Unnamed: 0,songid,artist,track,danceability,energy,key,loudness,mode,speechiness,acousticness,instrumentalness,liveness,valence,tempo,duration_ms,time_signature
0,5X4Qm0rVLcZeeO4tSDmBg3,Jack Bruce,Running Thro' Our Hands,0.456,0.255,9.0,-15.805,1.0,0.048,0.946,0.17,0.951,0.0532,116.424,253067.0,4.0
1,1pNpt53PZPet9dvJN3RKGr,Prefuse 73,Parachute Panador,0.535,0.806,7.0,-10.289,1.0,0.0642,0.00436,0.0191,0.457,0.376,90.089,63733.0,4.0
2,3oxz2oCzAWdPzA6In2zA5u,Pasion Vega,La Gata Bajo La Lluvia,0.294,0.482,5.0,-6.406,1.0,0.043,0.463,0.0,0.335,0.204,166.693,255280.0,3.0
3,05JGVUwt7XJk5FPqH0Wsch,Jonny Lang,Walking Away,0.563,0.631,0.0,-5.144,1.0,0.0324,0.0635,8e-06,0.163,0.54,115.657,254827.0,4.0
4,3xdgCFMTn6ut8fZYxfAuR0,Skye,All the Promises,0.358,0.611,2.0,-9.752,0.0,0.0454,0.515,0.000468,0.149,0.164,171.596,256933.0,4.0


In [4]:
# Filter the columns I want into a features variable
features = songs[[
    "danceability", "energy", "key", "loudness", "mode", "speechiness", 
    "acousticness", "instrumentalness", "liveness", "valence", "tempo", 
    "duration_ms"]].to_numpy()

In [5]:
# View the feature data
print(features.shape)
pprint.pprint(features[0])

(49985, 12)
array([ 4.56000e-01,  2.55000e-01,  9.00000e+00, -1.58050e+01,
        1.00000e+00,  4.80000e-02,  9.46000e-01,  1.70000e-01,
        9.51000e-01,  5.32000e-02,  1.16424e+02,  2.53067e+05])


In [6]:
# instantiate the Scaler
scaler = StandardScaler()

In [7]:
# fit transform the scaler on our feature data
x_train = scaler.fit_transform(features)

In [8]:
# Save the scaler to a new file
# dump(scaler, open('scaler.pkl', 'wb'))

In [9]:
# View the Scaled data
print(x_train.shape)
pprint.pprint(x_train[0])

(49985, 12)
array([-0.47695143, -1.43616823,  1.03467011, -1.32564479,  0.70711739,
       -0.34028656,  1.91669133, -0.14321669,  3.87500921, -1.70714343,
       -0.17066299,  0.03404049])


In [10]:
# reparameterization method for lambda layer
# check this link out for research
# https://stats.stackexchange.com/questions/199605/how-does-the-reparameterization-trick-for-vaes-work-and-why-is-it-important
def sampling(args):
    z_mean, z_log_sigma = args
    batch = K.shape(z_mean)[0]
    dim = K.int_shape(z_mean)[1]
    epsilon = K.random_normal(shape=(batch, dim))
    return z_mean + K.exp(0.5 * z_log_sigma) * epsilon 
    #      z_mean + e^(.5 * z_log_sigma)     * ϵ
    #                      φ

## Build the model

In [11]:
# build encoder model
encoder_input = Input(shape=(12,), name='Encoder_Input')

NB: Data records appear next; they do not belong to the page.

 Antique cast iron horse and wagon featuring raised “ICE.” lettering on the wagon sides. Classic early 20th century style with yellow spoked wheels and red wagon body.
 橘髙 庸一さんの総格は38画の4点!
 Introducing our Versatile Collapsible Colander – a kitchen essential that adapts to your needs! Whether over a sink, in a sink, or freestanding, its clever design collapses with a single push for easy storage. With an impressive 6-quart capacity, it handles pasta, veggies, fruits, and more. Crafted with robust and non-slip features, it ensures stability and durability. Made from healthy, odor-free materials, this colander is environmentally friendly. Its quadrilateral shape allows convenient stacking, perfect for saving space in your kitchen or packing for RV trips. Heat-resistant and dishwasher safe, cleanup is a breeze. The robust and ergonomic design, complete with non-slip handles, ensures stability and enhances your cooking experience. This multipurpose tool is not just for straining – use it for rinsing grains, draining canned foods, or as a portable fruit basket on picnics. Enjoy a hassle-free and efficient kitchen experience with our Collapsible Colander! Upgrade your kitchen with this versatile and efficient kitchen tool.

encoder_dense1 = Dense(512, activation='relu', name='Encoder_Dense1')(encoder_input)
encoder_dense2 = Dense(256, activation='relu', name='Encoder_Dense2')(encoder_dense1)
encoder_dense3 = Dense(128, activation='relu', name='Encoder_Dense3')(encoder_dense2)

# we need 2 Latent Sized Dense Layers for reparameterization
z_mean = Dense(2, name='z_mean')(encoder_dense3)
z_log_sigma = Dense(2, name='z_log_sigma')(encoder_dense3)

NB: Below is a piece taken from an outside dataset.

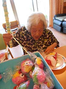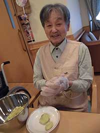 参加された入居者様と一緒にオヤツ作りや盛り付け等手伝ってもらい入居者様皆様とひな祭りの歌を聴きながら完成したオヤツを頂きました。最後に職員が用意したお菓子の詰め合わせをプレゼントし「ありがとう」「こんなにたくさんうれしいや」と笑顔がこぼれておりました
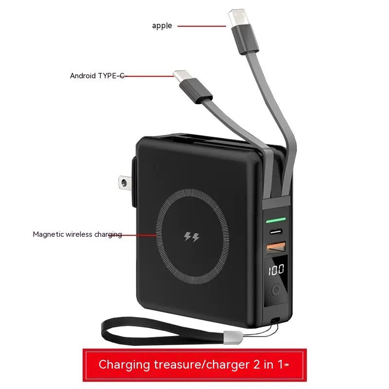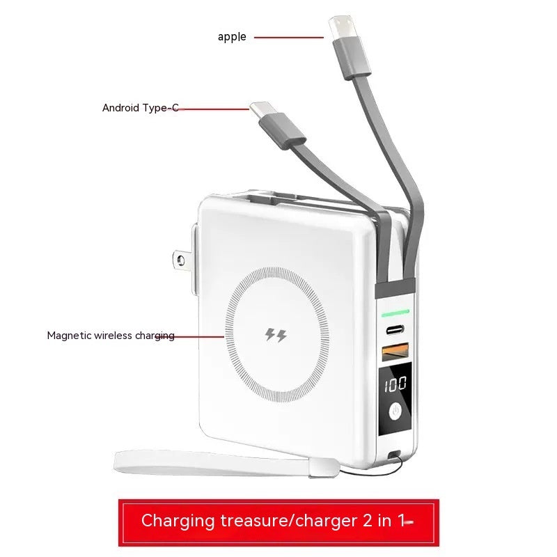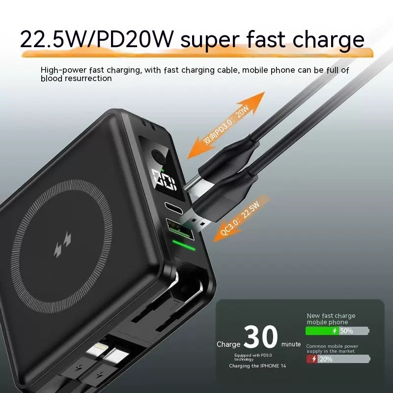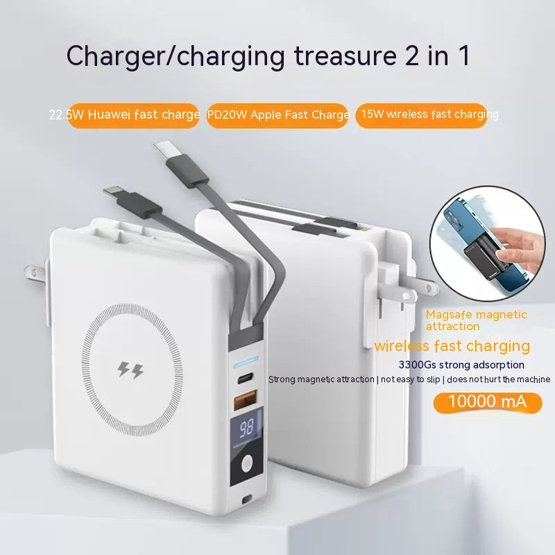 Magnetic Wireless Fast Charge Power Bank 10000mAh With Plug is a powerful and convenient portable charging solution designed for modern smart devices. With a 10000mAh high-capacity battery, this power bank provides long-lasting backup power to keep your devices running throughout the day.

# Use Lambda layer to apply the sampling function (Reparameterization)
z = Lambda(sampling, output_shape=(2,), name='z')([z_mean, z_log_sigma])

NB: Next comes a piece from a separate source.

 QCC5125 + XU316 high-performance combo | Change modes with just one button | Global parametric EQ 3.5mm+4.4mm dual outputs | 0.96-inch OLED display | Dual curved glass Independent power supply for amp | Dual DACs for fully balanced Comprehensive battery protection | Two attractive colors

# instantiate encoder model
encoder = Model(encoder_input, [z_mean, z_log_sigma, z], name='Encoder')
encoder.summary()
# plot_model(encoder, to_file='vae_mlp_encoder.png', show_shapes=True)

Model: "Encoder"
__________________________________________________________________________________________________
Layer (type)                    Output Shape         Param #     Connected to                     
Encoder_Input (InputLayer)      (None, 12)           0                                            
__________________________________________________________________________________________________
Encoder_Dense1 (Dense)          (None, 512)          6656        Encoder_Input[0][0]              
__________________________________________________________________________________________________
Encoder_Dense2 (Dense)          (None, 256)          131328      Encoder_Dense1[0][0]             
__________________________________________________________________________________________________
Encoder_Dense3 (Dense)          (None, 128)          32896       Encoder_Dense2[0][0]             
____________________________________________________________________________________________

In [12]:
# build decoder model
latent_inputs = Input(shape=(2,), name='z_sampling')

decoder_dense1 = Dense(128, activation='relu', name='Decoder_Dense1')(latent_inputs)
decoder_dense2 = Dense(256, activation='relu', name='Decoder_Dense2')(decoder_dense1)
decoder_dense3 = Dense(512, activation='relu', name='Decoder_Dense3')(decoder_dense2)

decoder_output = Dense(12, name='Decoder_Output')(decoder_dense3)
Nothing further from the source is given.